(Beginning of Data for the task)
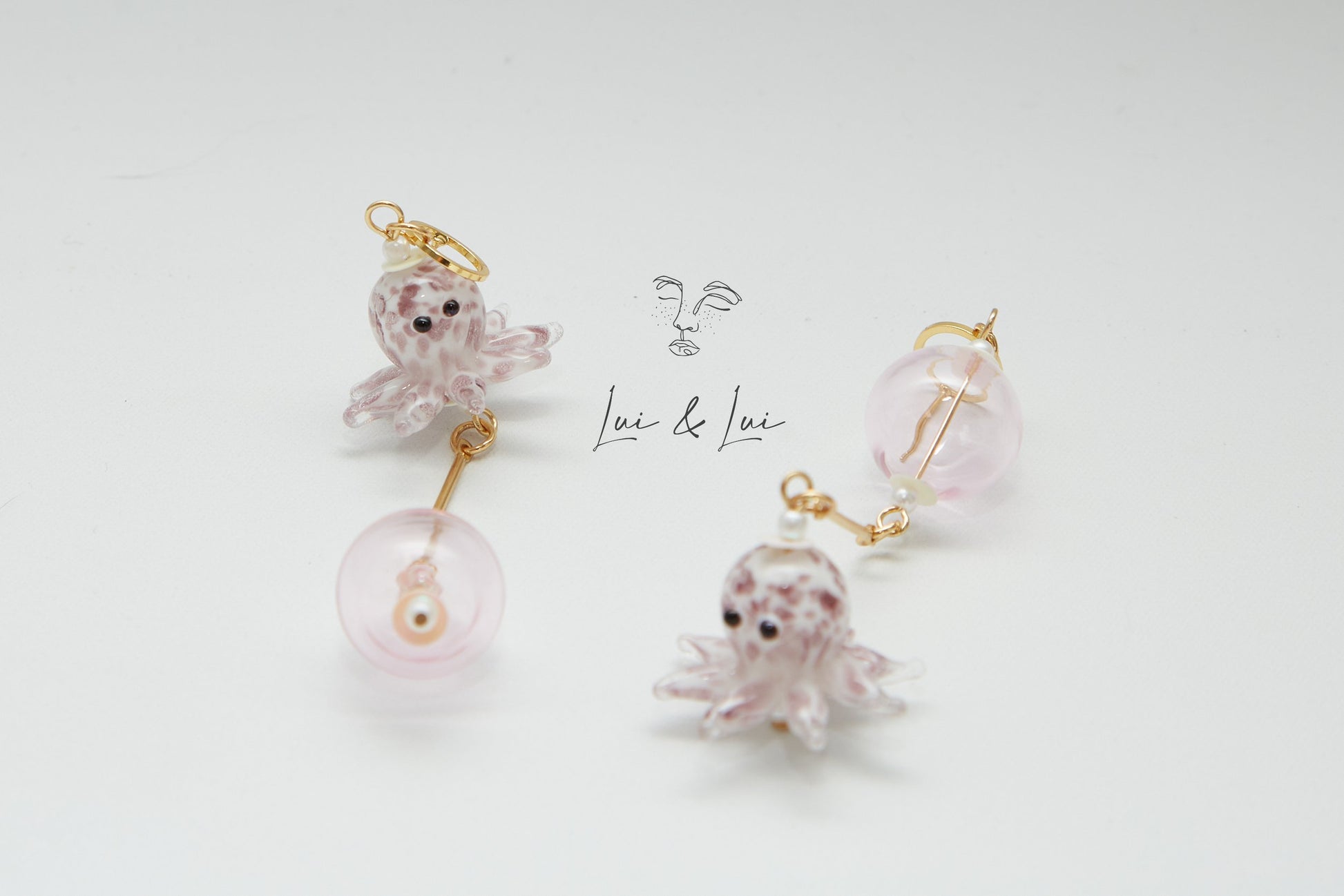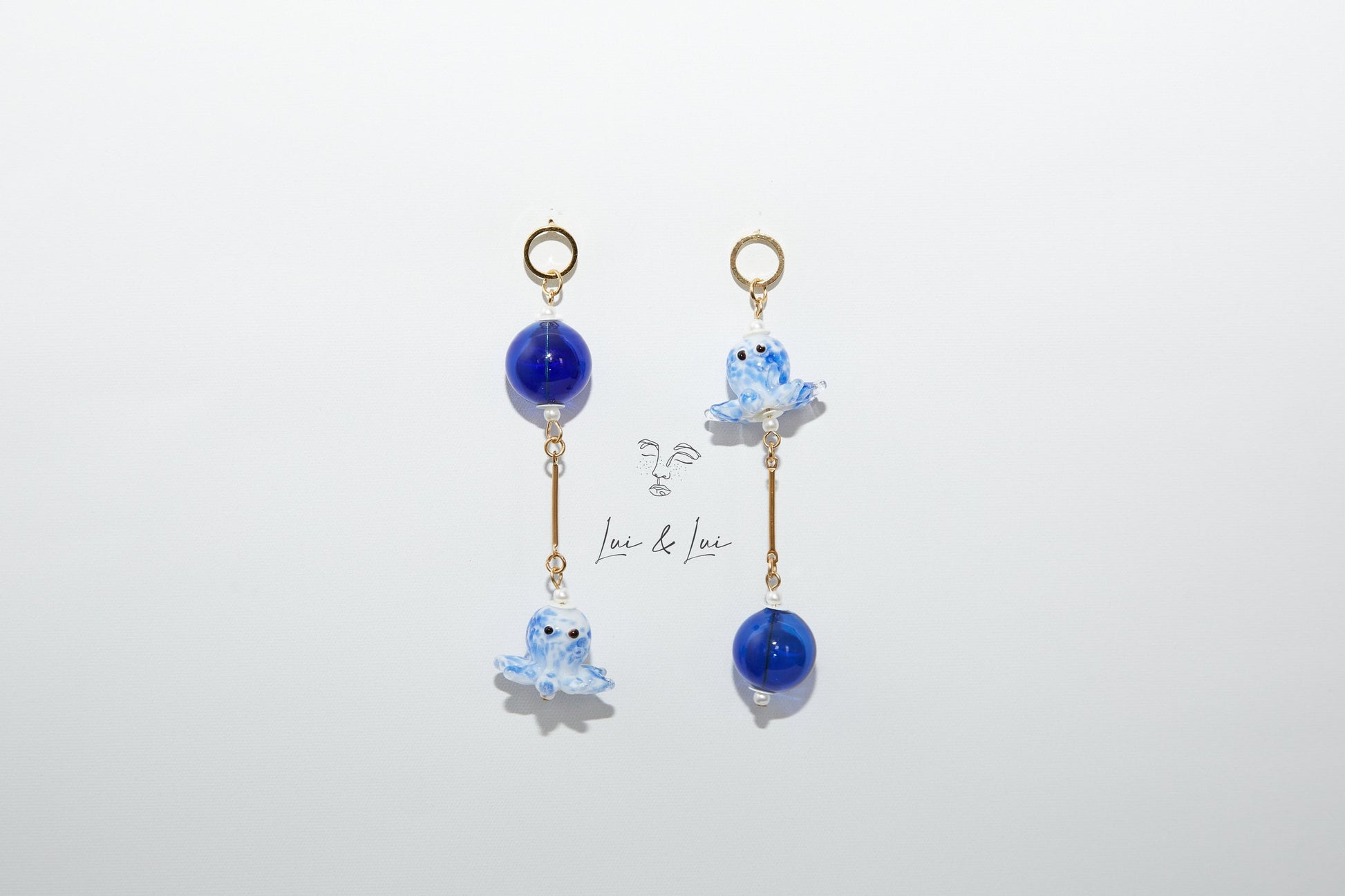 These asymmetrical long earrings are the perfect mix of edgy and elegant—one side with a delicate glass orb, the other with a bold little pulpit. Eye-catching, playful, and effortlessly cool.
(End of Data for the task)
(Beginning of Data for the task)
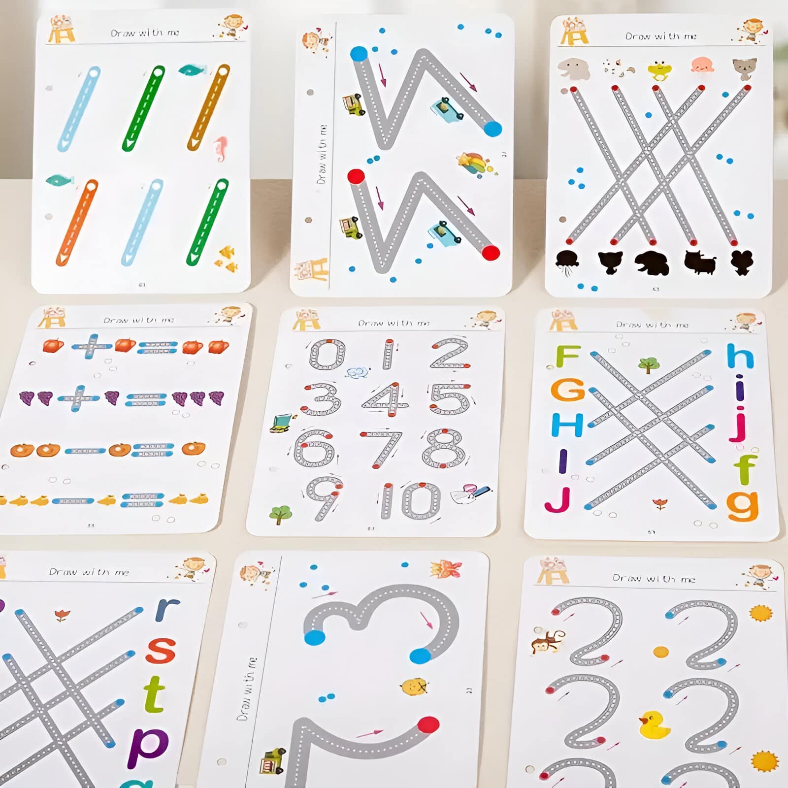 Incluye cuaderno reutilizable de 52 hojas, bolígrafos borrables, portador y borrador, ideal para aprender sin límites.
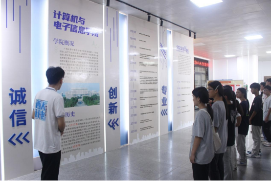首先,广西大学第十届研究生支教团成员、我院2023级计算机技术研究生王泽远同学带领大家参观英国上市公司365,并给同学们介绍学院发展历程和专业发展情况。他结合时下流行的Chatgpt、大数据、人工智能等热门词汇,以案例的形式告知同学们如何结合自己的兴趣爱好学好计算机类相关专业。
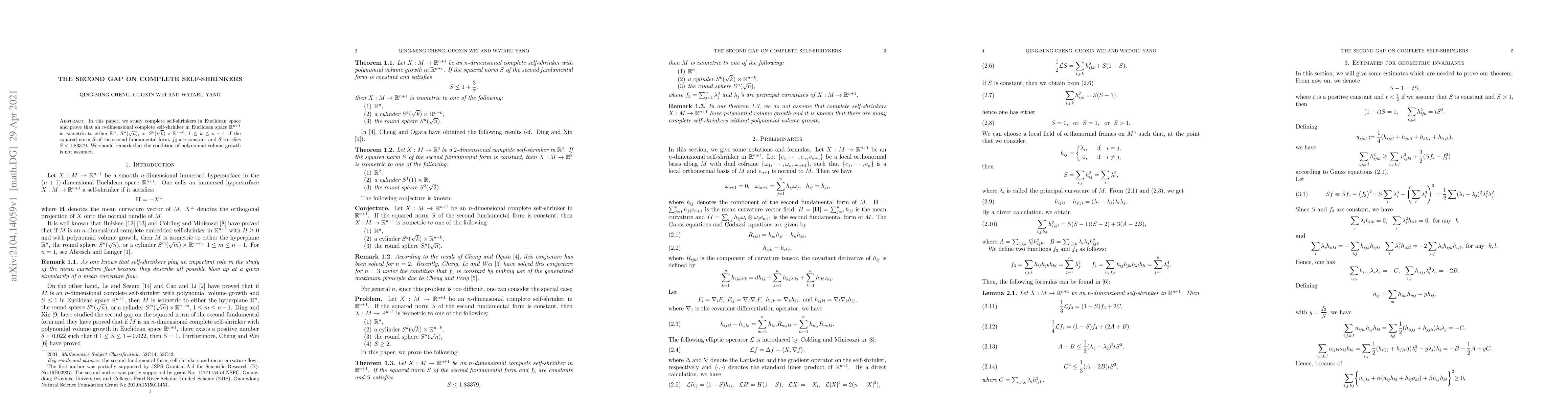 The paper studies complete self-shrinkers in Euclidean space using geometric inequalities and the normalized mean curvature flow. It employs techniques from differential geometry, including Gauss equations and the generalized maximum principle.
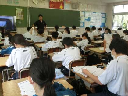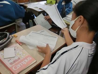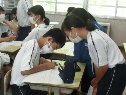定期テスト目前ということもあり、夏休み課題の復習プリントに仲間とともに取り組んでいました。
(End of Data for the task)
(Beginning of Data for the task)
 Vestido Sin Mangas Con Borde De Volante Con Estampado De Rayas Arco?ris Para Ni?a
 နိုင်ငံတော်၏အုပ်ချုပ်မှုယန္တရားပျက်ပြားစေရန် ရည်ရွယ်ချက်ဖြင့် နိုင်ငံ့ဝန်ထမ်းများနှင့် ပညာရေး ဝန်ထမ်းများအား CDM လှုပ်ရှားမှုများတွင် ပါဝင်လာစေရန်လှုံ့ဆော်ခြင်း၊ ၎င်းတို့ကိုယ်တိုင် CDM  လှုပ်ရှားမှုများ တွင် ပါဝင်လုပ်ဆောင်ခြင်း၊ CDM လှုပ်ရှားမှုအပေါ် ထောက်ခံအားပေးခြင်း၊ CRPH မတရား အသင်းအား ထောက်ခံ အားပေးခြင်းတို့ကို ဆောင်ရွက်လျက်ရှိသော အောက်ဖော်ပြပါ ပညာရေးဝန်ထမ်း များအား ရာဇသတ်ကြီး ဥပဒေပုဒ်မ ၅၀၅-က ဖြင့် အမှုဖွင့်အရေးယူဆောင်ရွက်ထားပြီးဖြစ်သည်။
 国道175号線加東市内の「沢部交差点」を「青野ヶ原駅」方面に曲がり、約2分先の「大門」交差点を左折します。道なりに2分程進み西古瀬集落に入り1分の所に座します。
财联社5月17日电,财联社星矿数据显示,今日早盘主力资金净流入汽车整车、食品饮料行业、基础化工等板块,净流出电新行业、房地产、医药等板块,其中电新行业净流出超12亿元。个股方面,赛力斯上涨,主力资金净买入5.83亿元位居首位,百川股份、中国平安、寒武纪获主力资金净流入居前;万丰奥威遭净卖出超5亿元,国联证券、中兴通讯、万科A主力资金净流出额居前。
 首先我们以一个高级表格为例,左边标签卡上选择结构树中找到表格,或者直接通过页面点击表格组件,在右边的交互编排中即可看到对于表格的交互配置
(End of Data for the task)
* **What you have to do**
Going back to the data above, write out everything from the line with "The paper studies" down to the line with "定期テスト目前ということもあ", both included, leaving every picture out.

* **Solution to the exercise**
 The paper studies complete self-shrinkers in Euclidean space using geometric inequalities and the normalized mean curvature flow. It employs techniques from differential geometry, including Gauss equations and the generalized maximum principle.
定期テスト目前ということもあり、夏休み課題の復習プリントに仲間とともに取り組んでいました。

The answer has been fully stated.